A. Le 30 avril 2003 «L’Illustré» a publié » un article de Carole Pellouchoud sous le titre «Les dessous d’un livre maudit». L’article traitait du conflit autour du livre «Couleurs de Sarvient» du sociologue et historien valaisan, Gabriel Bender: «Mandaté par Ayent pour réaliser un ouvrage sur la commune, (…) Gabriel Bender a vu son texte refusé pour d’obscures raisons. Les autorités locales vont jusqu’à s’opposer à la diffusion de ce livre, pourtant expurgé de toute référence officielle à Ayent.» Finalement la commune aurait refusé de verser l’honoraire pour le travail effectué et aurait fait interdire la parution du livre par une requête des mesures provisionnelles «en invoquant l’atteinte illicite à l’image de la commune, un conflit de droits d’auteur et le devoir de fidélité».

B. Le 26 juillet 2003 X. s’est adressé au Conseil de la presse pour se plaindre que l’article du 30 avril 2003 «bafoue en effet Ðles principes généraux de l’équitéð (…) L’auteur ne s’attache à aucun moment à Ðrechercher la véritéð (…) mais s’emploie bien plutôt à Ðsupprimer des informations ou des éléments d’informations essentielsð (…) pour donner à ses lecteurs une version totalement partisane de l’affaire.»

C. Dans un courrier du 28 août 2003 adressé au plaignant avec copie au Conseil suisse de la presse, Gabriel Bender conteste la version des faits présentée par X.

D. Le même 28 août 2003 Federico Camponovo, rédacteur en chef de «L’Illustré», se référant au courrier de Gabriel Bender, rejette la plainte de X. comme dénuée de fondement.

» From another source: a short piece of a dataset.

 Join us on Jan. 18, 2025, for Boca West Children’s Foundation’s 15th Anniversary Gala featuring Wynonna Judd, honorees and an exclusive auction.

E. Conformément à l’art.10 al. 7 du règlement du Conseil suisse de la presse, la présidence peut se prononcer définitivement sur des plaintes qui, dans leurs traits essentiels, concordent avec des cas déjà traités par le Conseil de la presse ou qui de toute façon paraissent d’une importance mineure.

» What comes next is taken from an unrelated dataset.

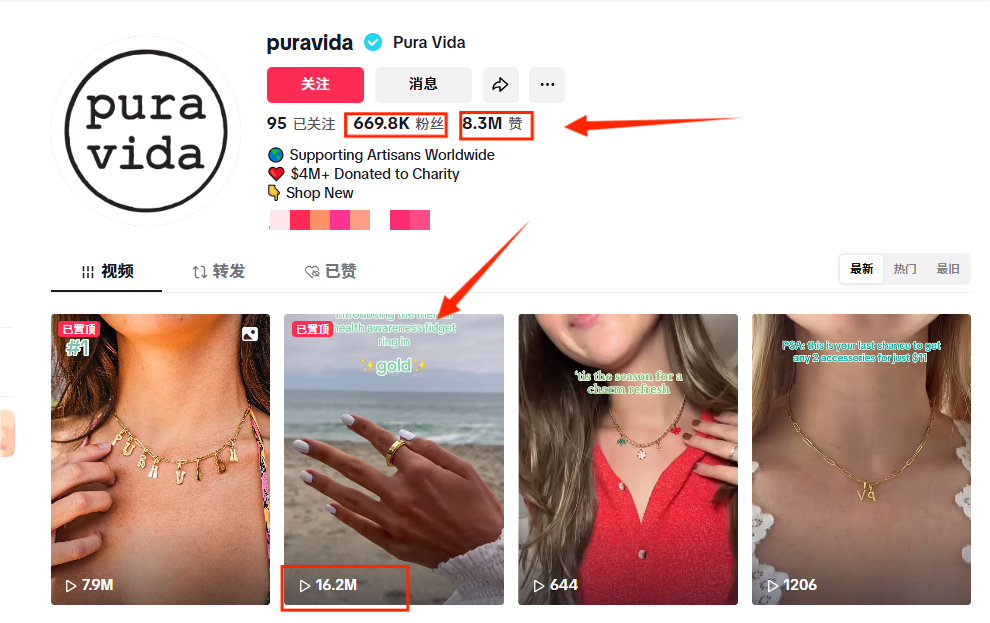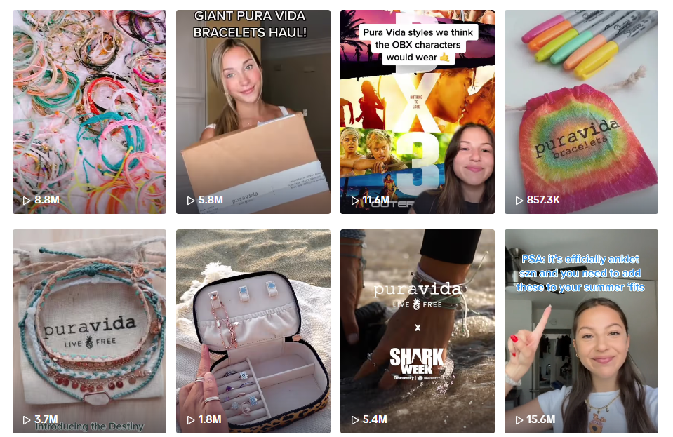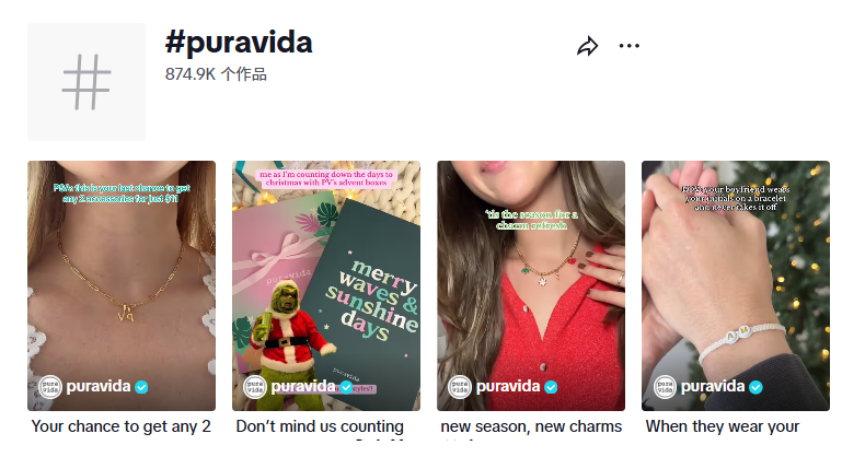 In addition, Pura Vida has set up a dedicated brand hashtag "#puravida" on TikTok, encouraging users to share photos of themselves wearing the products, and continuously collecting and reposting these contents through the official account to promote the products and increase brand exposure.

F. Le 3 septembre 2003 le Conseil suisse de la presse déclarait la correspondance des parties comme terminée et il informait les parties que la plainte serait traitée par la présidence du Conseil de la presse, composée par Peter Studer (président), Daniel Cornu et Esther Diener-Morscher (vice-présidents).

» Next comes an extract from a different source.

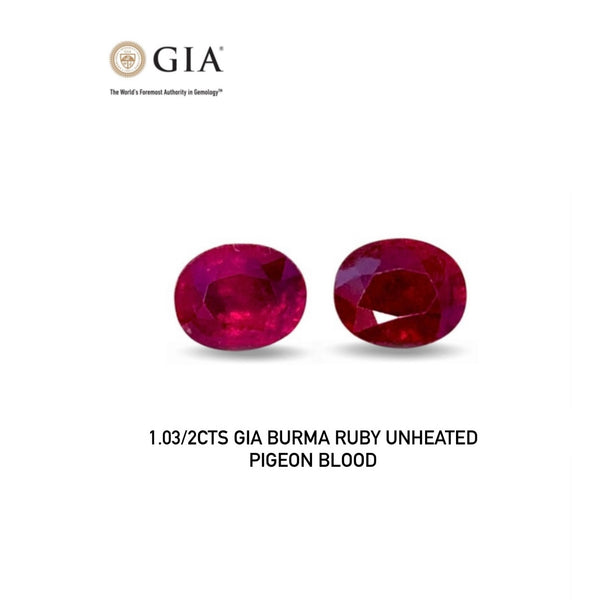 1.03 Carat Unheated Burma Ruby Pair - Exquisite Oval Cut Gemstones Immerse yourself in the captivating allure of this stunning pair of 1.03 carat unheated Burma rubies. Known for their...

G. Dans un courrier du 5 septembre 2003 adressé à Gabriel Bender avec copie au Conseil suisse de la presse, X. fait valoir que «la plainte que j’ai déposée auprès du Conseil suisse de la presse (…) ne concerne nullement votre différend avec la Commune d’Ayent (…) Ma plainte concerne uniquement la couverture qu’en a fait ÐL’Illustréð (…) Votre argumentation est donc hors de propos.»

H. La présidence du Conseil suisse de la presse a liquidé la présente prise de position le 12 décembre 2003 par voie de correspondance.

II. Considérants

1. La plainte se réfère au chiffres 1 (rechercher la vérité) et 3 (ne pas supprimer des informations essentielles) de la «Déclaration des devoirs et des droits du / de la journaliste». Le plaignant reproche en premier lieu le fait que l’article relate surtout la version des faits de Gabriel Bender et serait donc «totalement partisan».

2. Il ne découle de la «Déclaration» aucune obligation à rendre compte de manière objective et, dès lors, une relation unilatérale est admissible de la part d’un média (prises de position 27/2003, 47/2002, 32/2002, 17/2000, 27/2000). Néanmoins, lorsque des personnes font l’objet de reproches graves, celles-ci doivent être confrontées aux grief formulés à leur encontre. Et lorsque ces reproches sont contestés, cela doit ressortir de la contribution médiatique (directive 3.8 relative à la «Déclaration»).

3. a) Le grief du plaignant, que le compte rendu donné par «L’Illustré» serait unilatéral est donc – sous l’angle de la «Déclaration» – évidemment sans objet. Par contre, le Conseil suisse de la presse doit examiner, si «L’Illustré» a pris en compte de manière adéquate le principe de l’audition lors de reproches graves («audiatur et altera pars»).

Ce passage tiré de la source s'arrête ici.